ICC Note: Yazidis are expressing concern that Muslim villagers who participated in the crimes of ISIS, including participating in the massacre in Shingal, are being allowed to return to a village east of Sinjar. ISIS attacked the Yazidis just days before moving into the Christian lands. The potential return of those who actively joined ISIS in committing genocide shows yet another complexity of challenges facing the victims who are unsure about returning home and the place of religious minorities in Iraqi society.
08/31/2018 Iraq (JPost) – Yazidi activists accused Baghdad of allowing people who “took part in the 2014 genocide” to return to villages near Sinjar in northern Iraq. On Tuesday, video and photos were posted online showing a long line of trucks and cars waiting near a checkpoint to return to a village east of Sinjar Mountain.
“Yazidis concerned over return of families involved in Islamic State Shingal massacre,” tweeted one activist. “The return of these people will become a threat to the lives of people in Shingal, and bad things may happen which we do not accept.”
In August 2014, Islamic State attacked the area around Sinjar mountain where hundreds of thousands of Yazidis, members of a religious minority, live. ISIS captured more than 10,000 people and systematically separated women and men, murdering the men and selling women and children into slavery. The horrific crime has been called genocide by international organizations. More than 3,000 Yazidi women and children are still missing.
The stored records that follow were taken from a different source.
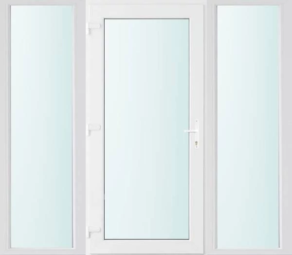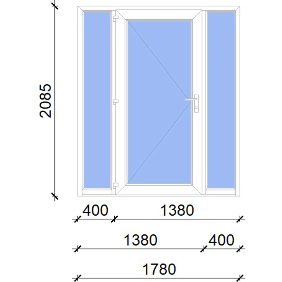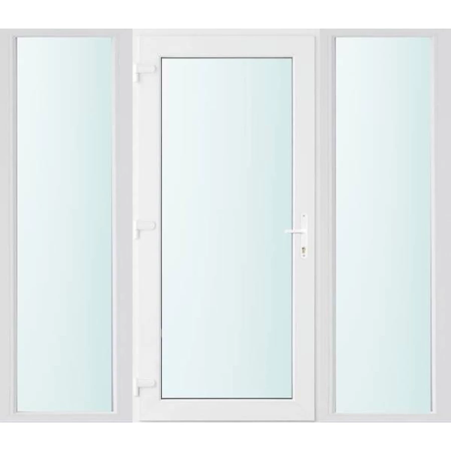 Kiváló hőszigetelésű műanyag bejárati ajtó 5 kamrás profilból, 70 mm beépítési mélységgel, tokban körbefutó idomacél merevítéssel. Vasalat: kilincsműködtetésű, VORNE 5 pontos ajtózárral, 3 db 3D erősített ajtópánttal, 20mm magas hőhídmentes alumínium küszöbbel. Dupla szürke ütközőtömítéssel rendelkezik. Üvegezése "VÍZTISZTA" 2 rétegű Szuper lágy bevonatos thermo üveg, 24 mm vastagságban, UG értéke: 1.0 W/m2K . A bejárati ajtó mindkét oldalán fehér színű. Nyitásmódja befelé nyíló, nyitásiránya balos ( bentről nézve a zsanér a bal oldalon helyezkedik el ). Tényleges tokkülmérete: 198 cm széles 208 cm magas. 98 cm széles 208 cm magas bejárati ajtóból, és 2 darab 50 cm széles 208 cm magas fix "SAVMART vagy VÍZTISZTA" üvegezésű ( nem nyitható) oldalvilágítóból áll. ( 3 külön elem ami beépítéskor összeszerelendő). A nyílászáró ára nem tartalmazza a KILINCSET és a ZÁRBETÉTET a beszereléshez szükséges segédanyagokat (falkampó, csavar, pur-hab..stb.), külső-belső takaróléceket.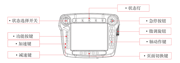 注塑機(jī)機(jī)械手按鍵講解,產(chǎn)品為華成系列注塑機(jī)械手控制系統(tǒng),下圖為注塑驅(qū)控一體EC-S3/S5產(chǎn)品。目前華成注塑機(jī)械手手控器外觀包括有黑色(標(biāo)準(zhǔn)系統(tǒng))、灰色、橙色三款,但功能不受影響,示教器基本功能如下: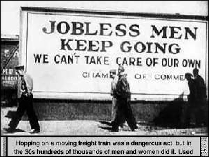 Effects of the Great Depression ■ The Great Depression led to a collapse of the U. S. financial system – 25, 000 banks & 90, 000 businesses failed by 1933 –Unemployment peaked at 25% –Many Americans lost their homes –America had record poverty & suicide rates; Fathers abandoned families; Healthcare declined –Private charities created soup kitchens & breadlines to help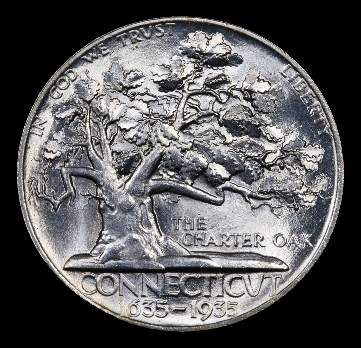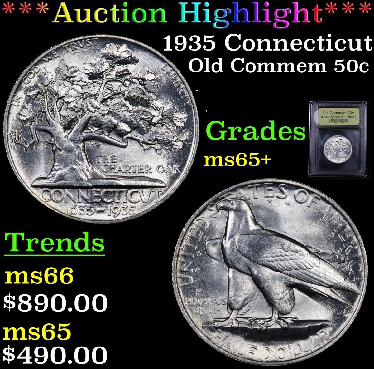 ***Auction Highlight*** 1935 Connecticut Old Commem Half Dollar 50c Graded GEM+ Unc By USCG. The Connecticut Commemorative was very short produced with only 25K produced and they sold out almost immediately, unlike most other commems of the era. When examining a Connecticut Commem for wear Check at the base of the tree and on the upper part of the eagle’s wing. A Corey's Pick, Bid to Win Coin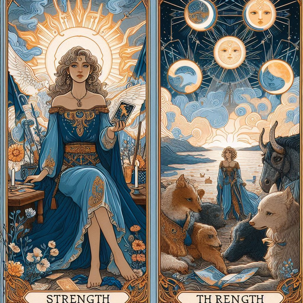 - 힘 + 컵의 10: 감정적 안정과 조화를 통해 행복한 관계를 유지할 수 있음을 나타냅니다.

Since Sinjar was liberated in 2015, many Yazidis have not returned due to an unstable security situation and changing control of the area from Kurdish Peshmerga to Iraqi federal forces. However, since Iraq’s federal government and Shi’ite militias took control in October 2017, some Arab families who fled the area have returned. The Shi’ite militias are called Popular Mobilization Forces (PMU).
Local Yazidis accuse some of the local Arab tribes of having supported ISIS and think that the government hasn’t screened the returnees. They are also angry that Yazidis have not been given infrastructure in Sinjar and security, even though these other groups displaced by the fighters are able to return.
The recent statements came after Amy Beam, a human rights advocate for Yazidi survivors of the 2014 genocide, posted a video on Facebook Tuesday showing more than 35 cars and trucks waiting at a checkpoint on a road that leads from Tal Afar to Snune in northern Iraq.
“Video of Sunni Arabs returning August 28 to Gholat village on the east end of Shingal mountain,” she wrote on Facebook. “Residents of Gholat are accused by Ezidi [Yazidi] neighbors of participation with ISIS to attack them August 3, 2014.” She says that she is hoping for “peace and justice” and would try to speak with some of the returnees. “Shia and Sunni Arabs also suffered from Daesh and lost their family members and houses. How will the innocent Arabs be separated from the guilty Daesh,” she wrote.
YAZIDIS EXPRESSED concern when they heard of the return. One man noted in reaction to the video that he had also passed the same convoy of vehicles. “They were waiting for their names to be checked on the security forces’ computer.”